Work required | Every line in the records below between the one holding "Pair of Black" and the one holding "1年生は午前中に球技大会を校", inclusive, is to be set down exactly; all other lines are to be left out.

Exercise data |
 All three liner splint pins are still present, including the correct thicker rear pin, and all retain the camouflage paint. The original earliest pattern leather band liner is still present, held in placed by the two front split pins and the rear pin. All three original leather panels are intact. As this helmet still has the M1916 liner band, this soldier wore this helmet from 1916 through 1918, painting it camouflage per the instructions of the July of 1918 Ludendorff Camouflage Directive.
==
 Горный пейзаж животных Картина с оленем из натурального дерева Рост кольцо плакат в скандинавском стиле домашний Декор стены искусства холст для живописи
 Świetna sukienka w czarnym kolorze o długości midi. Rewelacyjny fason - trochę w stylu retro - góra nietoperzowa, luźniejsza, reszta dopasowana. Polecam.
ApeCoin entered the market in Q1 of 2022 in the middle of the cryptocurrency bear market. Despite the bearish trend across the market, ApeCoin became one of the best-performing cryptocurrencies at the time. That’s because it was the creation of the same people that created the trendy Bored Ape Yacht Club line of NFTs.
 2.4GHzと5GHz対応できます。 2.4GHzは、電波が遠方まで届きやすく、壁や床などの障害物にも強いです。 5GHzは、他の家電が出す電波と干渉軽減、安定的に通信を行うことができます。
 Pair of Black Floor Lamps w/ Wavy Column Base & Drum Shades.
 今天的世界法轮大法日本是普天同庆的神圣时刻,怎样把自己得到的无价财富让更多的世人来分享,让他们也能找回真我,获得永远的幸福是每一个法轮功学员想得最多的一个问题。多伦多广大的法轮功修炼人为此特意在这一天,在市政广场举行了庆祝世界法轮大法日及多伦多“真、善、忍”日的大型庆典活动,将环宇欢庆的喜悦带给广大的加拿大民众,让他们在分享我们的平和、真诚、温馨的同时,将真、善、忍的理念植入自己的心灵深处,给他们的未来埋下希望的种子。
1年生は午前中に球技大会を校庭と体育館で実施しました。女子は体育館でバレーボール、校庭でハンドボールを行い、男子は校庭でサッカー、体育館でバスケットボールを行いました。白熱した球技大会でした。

Exercise result |
 Pair of Black Floor Lamps w/ Wavy Column Base & Drum Shades.
 今天的世界法轮大法日本是普天同庆的神圣时刻,怎样把自己得到的无价财富让更多的世人来分享,让他们也能找回真我,获得永远的幸福是每一个法轮功学员想得最多的一个问题。多伦多广大的法轮功修炼人为此特意在这一天,在市政广场举行了庆祝世界法轮大法日及多伦多“真、善、忍”日的大型庆典活动,将环宇欢庆的喜悦带给广大的加拿大民众,让他们在分享我们的平和、真诚、温馨的同时,将真、善、忍的理念植入自己的心灵深处,给他们的未来埋下希望的种子。
1年生は午前中に球技大会を校庭と体育館で実施しました。女子は体育館でバレーボール、校庭でハンドボールを行い、男子は校庭でサッカー、体育館でバスケットボールを行いました。白熱した球技大会でした。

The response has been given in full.